Desde el 23 de febrero de 2022, el mundo se volvió un lugar más peligroso e inseguro de lo que era ya para millones de personas. La invasión de Rusia sobre Ucrania transfiguró para siempre millones de vidas, segó un número aún indefinido, expulsó de su tierra de forma forzosa a otras tantas e impactó, con daño diverso, en todo el planeta por sus efectos colaterales sobre el precio de la energía y los alimentos. A doce meses que la primera bomba fue lanzada sobre Ucrania, los ecos de la explosión aún resuenan en nuestras mentes y corazones.

En todo este tiempo, las potencias globales se han comprometido con esfuerzos beligerantes más que soluciones dialogadas. Mientras tanto, el costo es la sangre de millones de víctimas directas e indirectas de este conflicto. Los gobiernos deben comprometerse a proporcionar la asistencia humanitaria y de desarrollo necesaria a largo plazo a Ucrania, para garantizar la protección efectiva de los derechos económicos y sociales, reconstruir la infraestructura esencial, revitalizar la economía y garantizar los derechos a un nivel de vida y salud adecuados.

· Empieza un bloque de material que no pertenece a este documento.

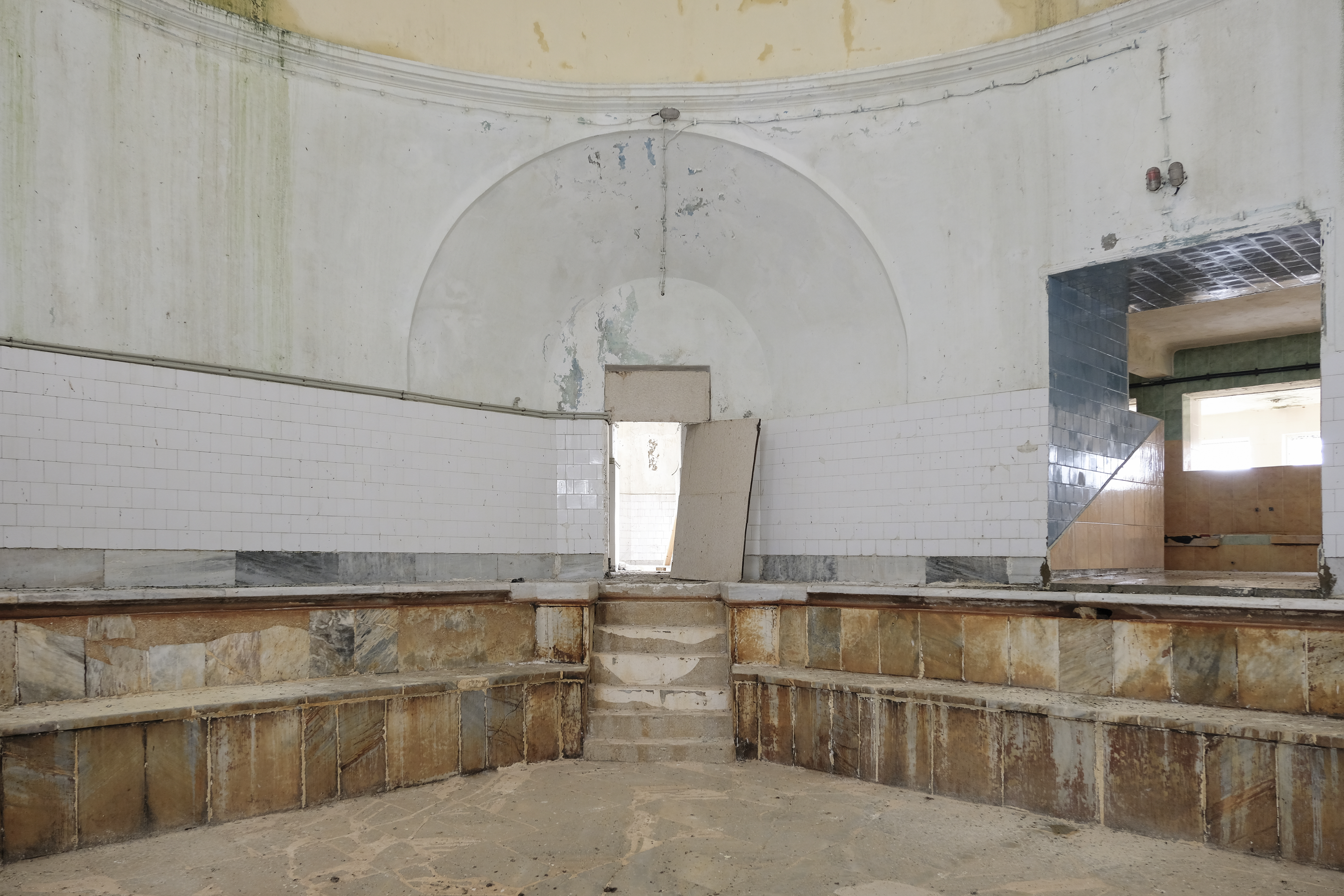 Големият басейн в женското отделение с входове към терапветичния басейн и курните.

Pero también se deben poner las necesidades de las víctimas en el centro de todas las respuestas. Comprometerse a una Justicia significativa y una compensación adecuada a través de una investigación efectiva y juicios justos de todas las personas sospechosas de haber cometido los más abominables crímenes de guerra y otros delitos de derecho internacional. El mundo debe garantizar así un compromiso a largo plazo con la Justicia internacional para Ucrania.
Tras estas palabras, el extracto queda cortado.